**Supplied material**
=== Begin Enclosure ===

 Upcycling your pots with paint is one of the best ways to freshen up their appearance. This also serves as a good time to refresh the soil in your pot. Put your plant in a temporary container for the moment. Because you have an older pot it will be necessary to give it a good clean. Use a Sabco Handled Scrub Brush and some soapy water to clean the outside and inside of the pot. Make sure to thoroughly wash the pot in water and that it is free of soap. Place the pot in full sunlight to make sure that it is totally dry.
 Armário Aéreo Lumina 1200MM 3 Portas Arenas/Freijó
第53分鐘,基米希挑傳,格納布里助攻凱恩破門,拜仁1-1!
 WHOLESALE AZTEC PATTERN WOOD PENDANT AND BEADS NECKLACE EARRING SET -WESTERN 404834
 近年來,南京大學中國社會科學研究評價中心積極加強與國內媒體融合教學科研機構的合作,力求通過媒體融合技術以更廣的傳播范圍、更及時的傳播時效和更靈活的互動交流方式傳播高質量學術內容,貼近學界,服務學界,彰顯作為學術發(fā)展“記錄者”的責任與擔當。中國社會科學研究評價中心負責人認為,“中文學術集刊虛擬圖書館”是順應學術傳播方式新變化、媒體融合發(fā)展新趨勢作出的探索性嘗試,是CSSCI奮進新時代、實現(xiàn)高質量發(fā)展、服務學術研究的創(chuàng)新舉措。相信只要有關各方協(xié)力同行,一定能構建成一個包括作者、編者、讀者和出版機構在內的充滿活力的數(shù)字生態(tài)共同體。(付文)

=== End Enclosure ===
=== Begin Enclosure ===

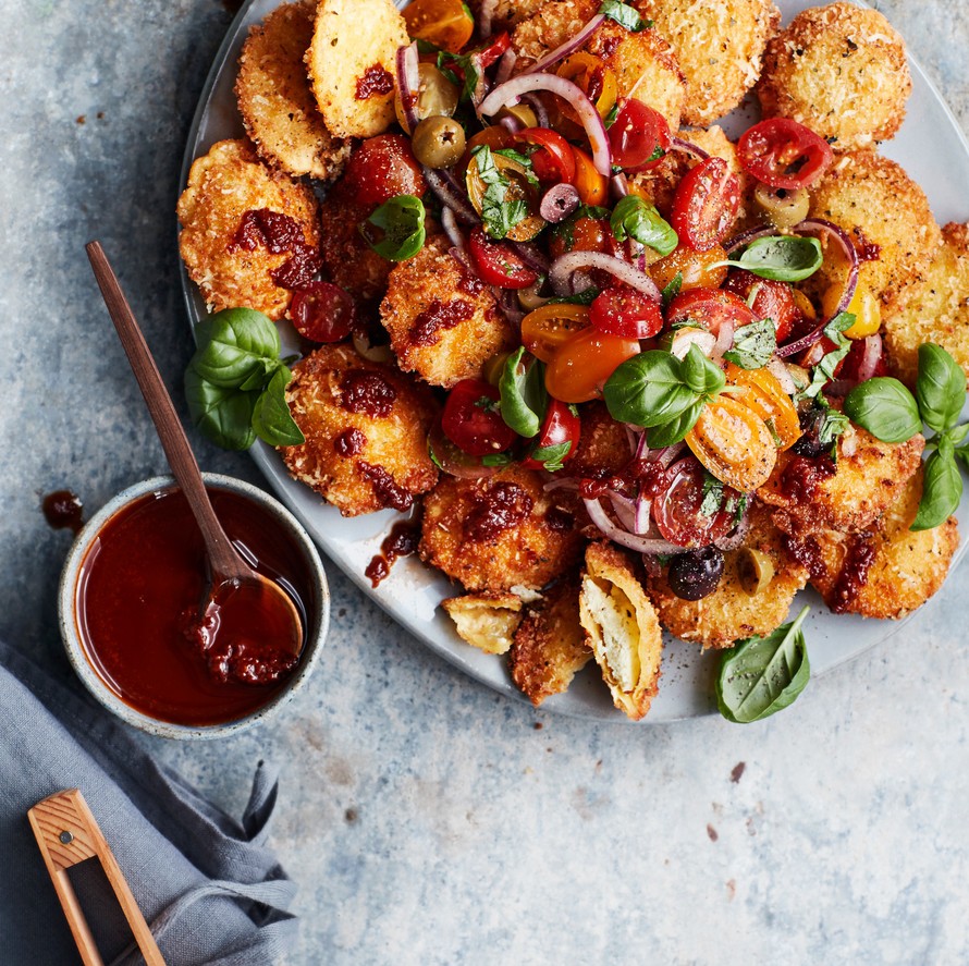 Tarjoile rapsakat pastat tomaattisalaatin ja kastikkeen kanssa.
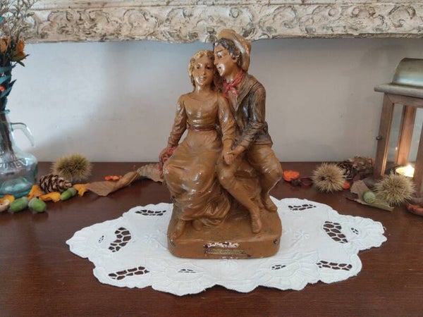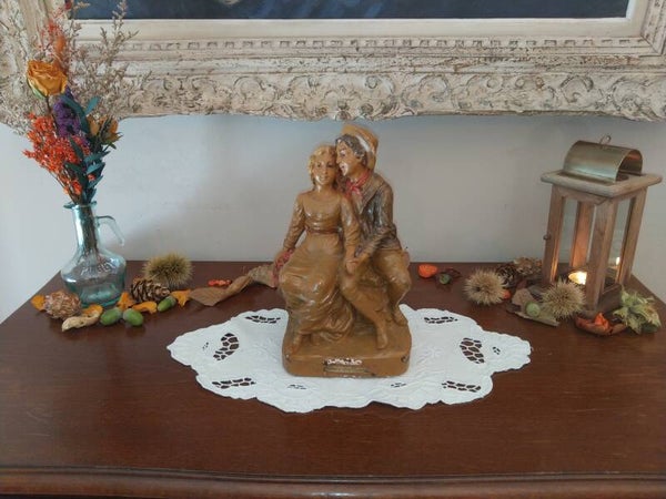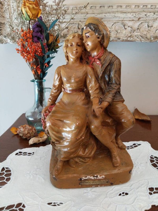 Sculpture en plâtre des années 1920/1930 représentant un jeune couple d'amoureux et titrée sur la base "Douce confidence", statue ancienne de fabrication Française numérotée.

=== End Enclosure ===

Return, unchanged, the run of lines above that opens with the line containing "WHOLESALE AZTEC PATTERN" and closes with the line containing "近年來,南京大學中國社會科學". Include both.

 WHOLESALE AZTEC PATTERN WOOD PENDANT AND BEADS NECKLACE EARRING SET -WESTERN 404834
 近年來,南京大學中國社會科學研究評價中心積極加強與國內媒體融合教學科研機構的合作,力求通過媒體融合技術以更廣的傳播范圍、更及時的傳播時效和更靈活的互動交流方式傳播高質量學術內容,貼近學界,服務學界,彰顯作為學術發(fā)展“記錄者”的責任與擔當。中國社會科學研究評價中心負責人認為,“中文學術集刊虛擬圖書館”是順應學術傳播方式新變化、媒體融合發(fā)展新趨勢作出的探索性嘗試,是CSSCI奮進新時代、實現(xiàn)高質量發(fā)展、服務學術研究的創(chuàng)新舉措。相信只要有關各方協(xié)力同行,一定能構建成一個包括作者、編者、讀者和出版機構在內的充滿活力的數(shù)字生態(tài)共同體。(付文)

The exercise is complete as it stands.